#### Entries shown ####

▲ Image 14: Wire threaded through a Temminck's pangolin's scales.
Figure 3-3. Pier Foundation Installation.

####
#### Entries shown ####

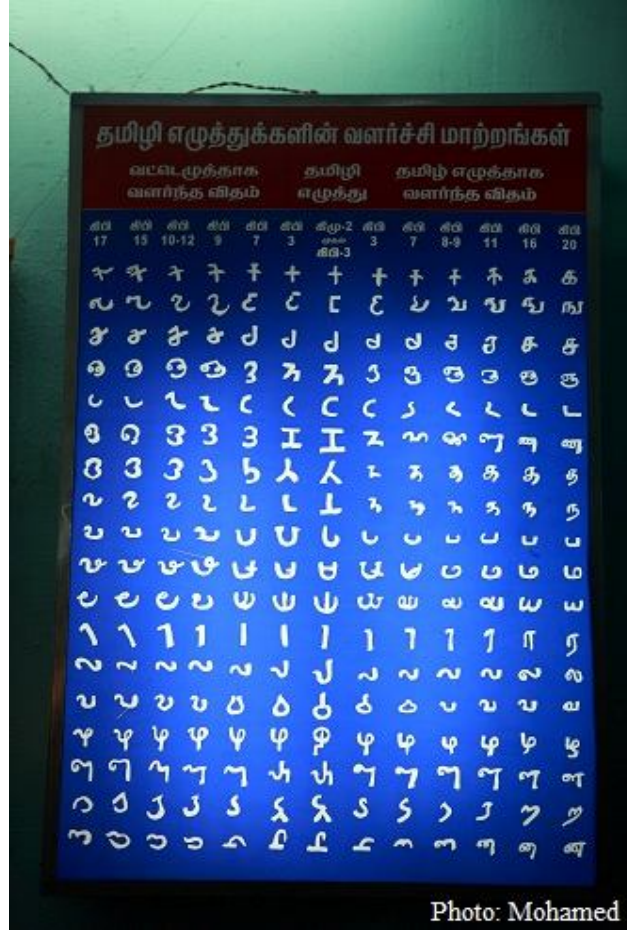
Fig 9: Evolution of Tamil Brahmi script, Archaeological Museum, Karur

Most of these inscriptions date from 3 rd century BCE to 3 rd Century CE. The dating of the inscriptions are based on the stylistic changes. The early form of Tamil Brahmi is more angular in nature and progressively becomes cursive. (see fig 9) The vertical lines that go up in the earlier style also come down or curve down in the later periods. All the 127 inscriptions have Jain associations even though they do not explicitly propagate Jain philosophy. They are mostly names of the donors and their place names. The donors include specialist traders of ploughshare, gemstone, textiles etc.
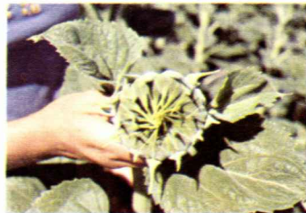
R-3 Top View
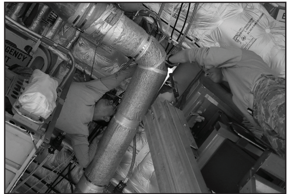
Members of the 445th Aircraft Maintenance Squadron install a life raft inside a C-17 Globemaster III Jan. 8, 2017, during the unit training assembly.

####

■ Work item
Among the records above, extract exactly the lines from the line with "Temminck's pangolin's scales." to the line with "Figure 3-3. Pier Foundation Installation.", both lines included, and leave out the rest.

■ Task response
▲ Image 14: Wire threaded through a Temminck's pangolin's scales.
Figure 3-3. Pier Foundation Installation.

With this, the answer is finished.